'POA should be banned from classic car ads'

Few things infuriate Porter more than ‘POA’ on classic car ads, so it’s a term he’ll swiftly outlaw once he becomes dictator.

Richard Porter opinion

Under the benevolent regime of my benign and glorious dictatorship, a few things are going to change. First of all, poor motorway lane discipline is going to be tackled in ways I’ve yet to finalise but which will almost certainly involve lasers. Secondly, the punishments for parking in the disabled space when you have no disability are going to get rather more severe: but don’t worry,the furious weasels I put down your trousers will ‘only be there for a few minutes’. Also, I’m going to bring back the death penalty, but only for people who stand too close to airport baggage carousels when their luggage has yet to appear.

And, perhaps most importantly, there will be one final alteration to the laws of the land specifically targeted at the dealers who take out ads in classic car magazines and which will make it illegal to list any car as ‘POA’.
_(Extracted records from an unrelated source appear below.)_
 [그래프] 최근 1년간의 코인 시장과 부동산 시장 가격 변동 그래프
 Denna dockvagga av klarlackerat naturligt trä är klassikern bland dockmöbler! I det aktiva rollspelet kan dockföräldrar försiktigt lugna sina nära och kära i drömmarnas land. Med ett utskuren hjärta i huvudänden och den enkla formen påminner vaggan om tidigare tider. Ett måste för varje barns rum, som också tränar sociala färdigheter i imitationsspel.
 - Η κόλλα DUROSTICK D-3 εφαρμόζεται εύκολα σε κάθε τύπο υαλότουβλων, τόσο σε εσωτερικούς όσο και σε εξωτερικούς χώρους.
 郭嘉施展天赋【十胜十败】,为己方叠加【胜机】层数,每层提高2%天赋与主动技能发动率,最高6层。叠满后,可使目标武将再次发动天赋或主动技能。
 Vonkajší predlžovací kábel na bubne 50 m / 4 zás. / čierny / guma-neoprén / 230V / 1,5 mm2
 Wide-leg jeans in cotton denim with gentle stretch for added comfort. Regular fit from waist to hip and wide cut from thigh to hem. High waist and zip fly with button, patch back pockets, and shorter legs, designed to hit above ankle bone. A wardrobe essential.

There are various things that stick in the craw about classic car classifieds. The haughty, snobbish tones that are signally undermined by basic grammatical errors, like a witheringly dry assistant in a Bond Street jewellery shop using the linguistic cadences of Mark Blundell. The sometimes deranged obsession with eating up a limited word count talking about oil pressure. The even more insane fixation with cars that have a ‘titled owner’ as if that makes them better. Or, worse yet, the proud boast of a ‘former rock star owner’ as if the one person you’d trust to let the oil warm through is Keith Richards. And don’t get me started on the trade’s apparent desire to make air-cooled Porsche 911s the new gold standard.
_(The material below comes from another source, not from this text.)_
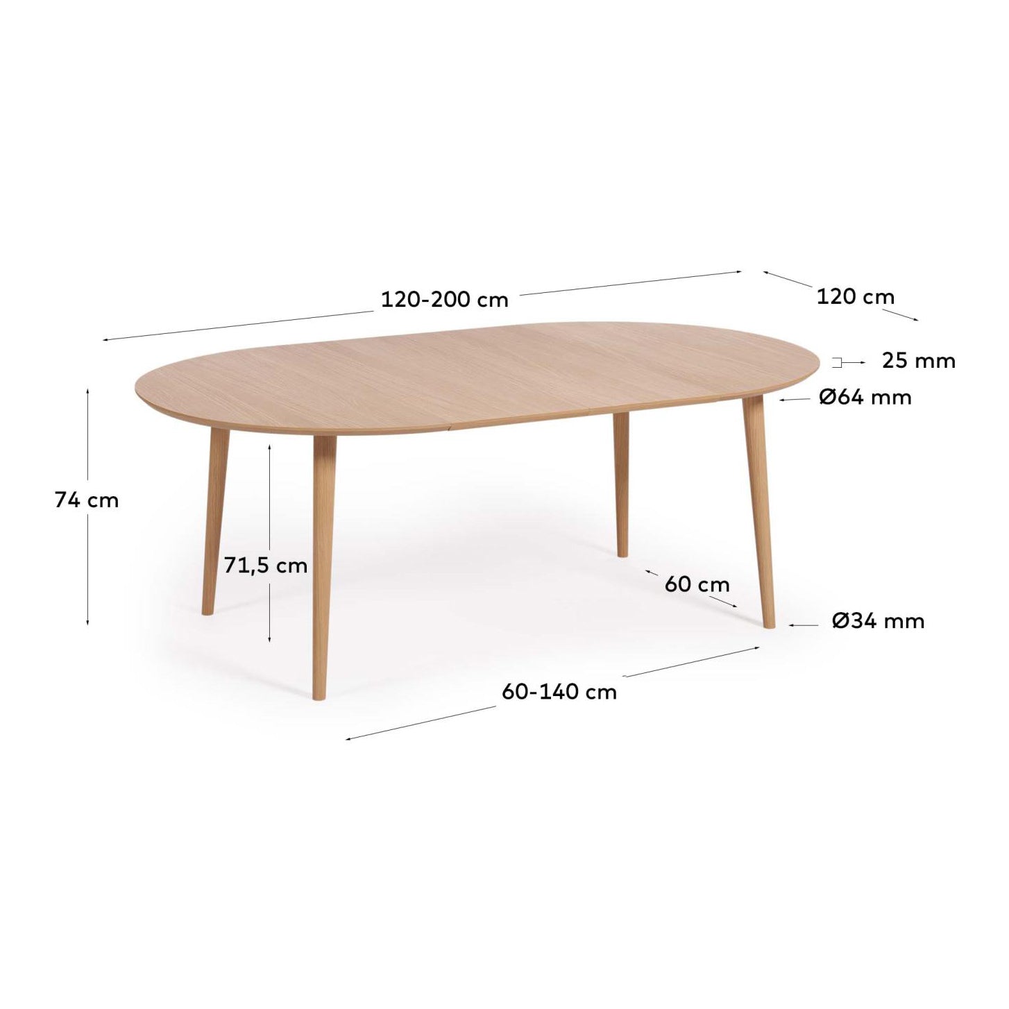 - Een ronde tafel van H 74 x L 120/200 x D 120 cm

But even amongst the strange world of classic car advertising, POA in lieu of price is the worst. In fact, it’s one of the most annoying things in the world. There are, apparently, some excuses as to why some high-end car garages persist with their POA irksomeness. It’s meant to create intrigue and, in doing so, drive trade, the idea being that people who are seriously interested have their interest piqued and will make a phone call rather than procrastinating at their desk, thereby triggering a conversation that starts ‘hello sir’ and ends with ‘and I’ll let you know when the funds land in our account’. But I don’t believe this can work that well, especially on less rare stuff. If you went into a branch of Sainsbury’s and they’d removed all the prices from the shelves you’d think they were being bloody-minded and you’d sod off to Waitrose where you could also pick up some langoustines and goose pube pate and all the other stuff they consider ‘essential’.
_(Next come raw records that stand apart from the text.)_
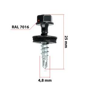 Wkręty farmerskie samowiercące z podkładką EPDM 4,8 x 25 mm grafitowe ciemne RAL 7016
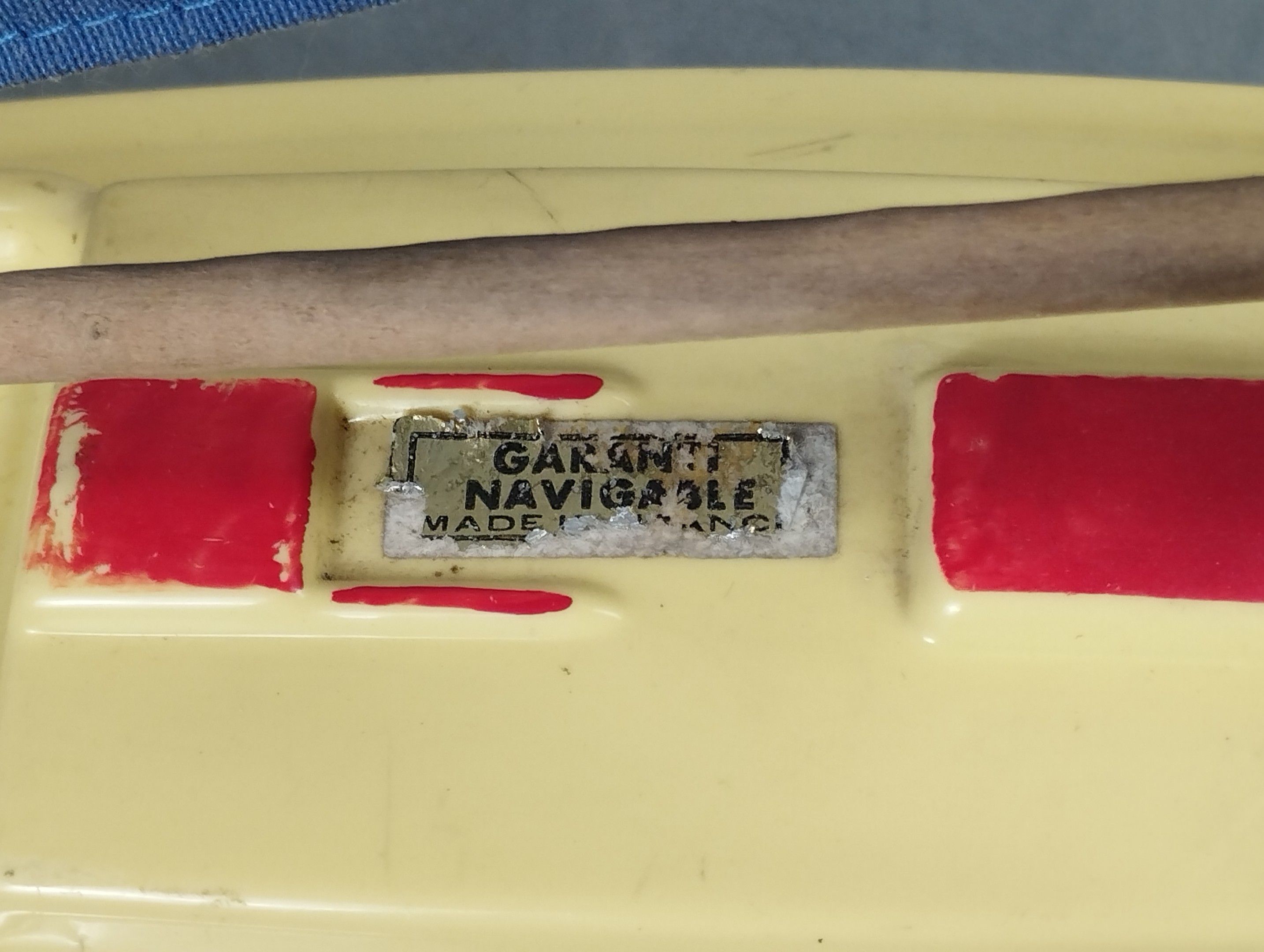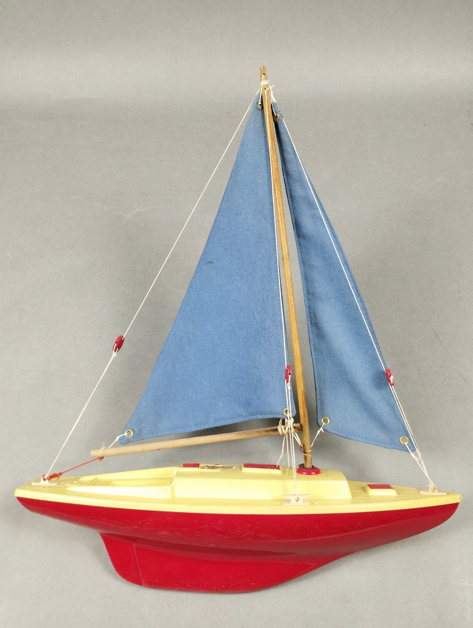 Small dock sailboat "made in France", red plastic hull, blue sails. Length = 40 cm.
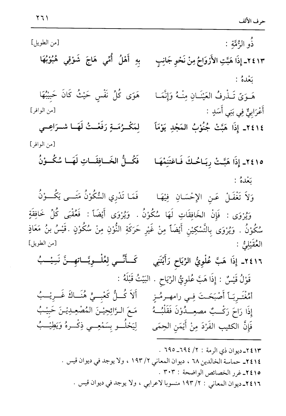 2416 - ديوان المعاني: 2/ 193 منسوبًا لأعرابي، ولا يوجد في ديوان قيس.
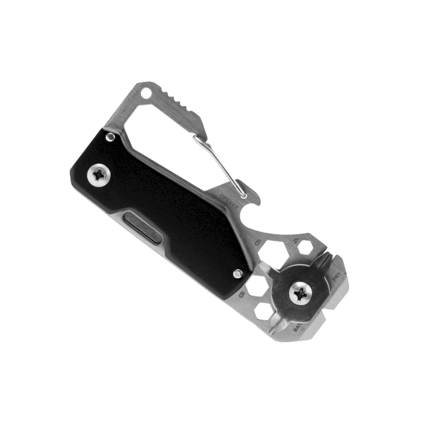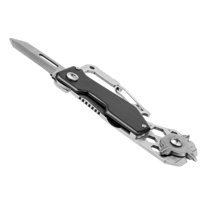 Helposti mukana kuljetettava monitoimityökalu jossa lukittava veitsi, karabiinikoukku, viivain, pullonavaaja, neljä kuusiotyökalua, kiila, 3 ruuvimeisseliä ja sorkkarauta. Koko: 80 x 50 x 5 mm
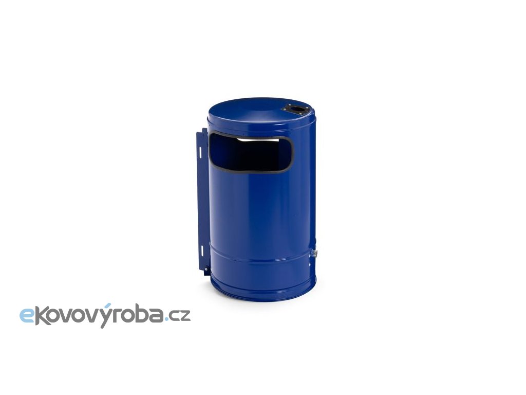 Venkovní odpadkový koš bez stojiny o objemu 42 l.Vyrobeno z pozinkovaného ocelového plechu.Koš je vyroben z ocelového plechu o tloušťce 0,8 mm.Krytka je vyrobena z nerezového plechu o tloušťce 0,5 mmZávěs je vyroben z plechu o tloušťce 2 mm.Tvar a umístění vhozů zajišťují ochranu před dešťovou vodou a vhazování nadměrných předmětů.Výklopné dno umožňuje snadné vyprazdňování bez manuálního kontaktu s odpadky.Spodní víko se otevírá pomocí univerzálního zámku.Koš je vybaven popelníkem s krytkou z nerezového plechu.Povrchová úprava je provedena lakováním.

More cynically, you could suggest that in the superheated classic car market, POA gives the dealer the wiggle room to ‘adjust’ upwards if a similar car goes for comically inflated money at auction during the lifespan of the monthly mag ad. Although I’m sure this never actually happens. Ahem...

Ferrari F40 - Front

Anyway, I’m sure dealers can claim sound reasons for putting POA where the price should be. But it simply won’t do. Not because I’m in the market for a very expensive classic, but because it’s spoiling all the fun of browsing classic car adverts as a little canter into fantasy land. If I had half a million quid, what would I buy? Or, in a more complex version of the same game,if I had a chunky wad of six or seven figures worrying a hole in my trousers, how many things could I get into my fantasy garage? It's the kind of pleasant diversion that can wile away a decent chunk of time, most especially on a flight, but POA spoils all that. Firstly because if you’re playing the game properly you have to set yourself a budget and that has to be an actual amount. Secondly, because you’re on a plane and therefore less likely to have access to Wi-Fi through which you can comb the internet to see what, say, XJ220s or F40s or Countachs are going for these days by checking garages that don’t infuriatingly insist that the price must be applied for.

Plus, POA is robbing those of us with a nerdish bent the chance to keep abreast of where prices are going amongst the stuff we lust over. Which is important, if only so that when a friend spots an Alfa Montreal or Maserati Bora or Aston DB4 and asks what it’s worth, you aren’t forced to reply, ‘Oooh, I reckon POA, mate.’

The trade, of course, will have no sympathy with this complaint since I am, like so many others, just doing a very remote version of tyre kicking. But maybe one day I will want a desirable classic. And maybe I’ll write you a cheque for it. Then we’ll see how much you like it when, in the amount section, I simply write POA.